Chris Willis, an attorney at Troutman Pepper, pointed to the CFPB’s interpretation of the word “applicant” under the Equal Credit Opportunity Act as another area of potential vulnerability if Chevron deference goes away.

The 50-year-old anti-discrimination law offers protections to prospective applicants, in addition to people who have already applied for a loan, according to the CFPB’s regulations. But the agency’s interpretation is at issue in an enforcement case against a mortgage lender called Townstone Financial.

“In a world where Chevron is no longer, an interpretation like that, that the industry may not agree with, could become subject to successful challenge in court,” Willis said.

Future CFPB regulations, too, would be on shakier ground in a scenario in which the courts give less deference to federal agencies.

In January, the consumer agency proposed capping overdraft fees for larger banks at $14. Also in the agency’s pipeline: regulations aimed at accelerating the rise of open banking in the United States.

The financial services industry could benefit in certain situations from a Supreme Court ruling that limits or overturns Chevron deference, Willis said. He pointed to situations where regulators have used expansive interpretations of federal laws to write regulations that industry actors oppose.

But he also noted that the demise of Chevron deference could have downsides for companies that rely on the clarity and specificity that various regulations provide.

Trial lawyers could bring legal challenges against regulations from federal regulators that can make it harder to sue banks.

And state attorneys general, some of whom have long sparred with federal banking regulators over the reach of state laws, could bring suits challenging so-called preemption guidance that has generally drawn support from the industry.
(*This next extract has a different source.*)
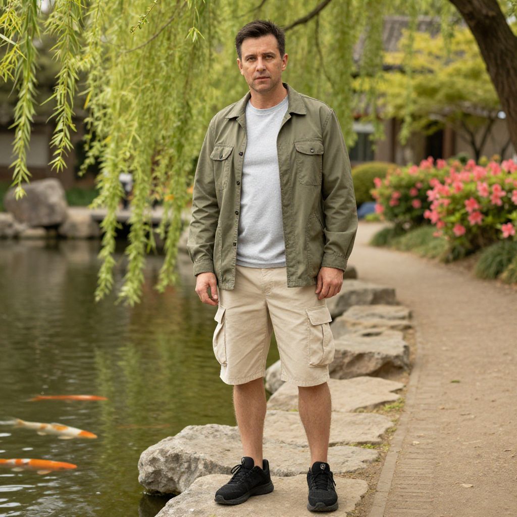 A man, light gray performance t-shirt, olive green field jacket, beige cargo shorts, black athletic shoes, standing by a serene koi pond, willow trees draping, colorful azaleas lining the path, soft focus, warm tones, relaxed expression. Man has masculine face and piercing eyes

The Office of the Comptroller of the Currency and the Federal Deposit Insurance Corp. have both issued interpretations regarding preemption.

“It’s impossible to say, as a blanket rule, that the industry is in favor of Chevron being overturned,” Kaplinsky said. “I would say just the opposite — that in general, the industry likes certainty, and things that have been well established in the law.”

One example of that perspective was on display last year in a brief that the Mortgage Bankers Association filed with the Supreme Court, describing the potential ramifications of a hypothetical court decision invalidating mortgage-related rules.

“​​Lenders, servicers, and consumers have operated by the CFPB’s guideposts for more than ten years, and without those rules substantial uncertainty would arise as to how to undertake mortgage transactions in accordance with federal law,” the trade group wrote.

Daniel Wolff, a partner at the law firm Crowell & Moring, said that Chevron deference has always had policy implications that cut in opposite directions. He thinks that some observers have exaggerated the likely impact of the legal doctrine’s demise. Still, he predicted that in a post-Chevron world, regulators that stray from their central duties will be more likely to get their wings clipped.

“Agencies will just have to hew closer to their core mission,” Wolff said.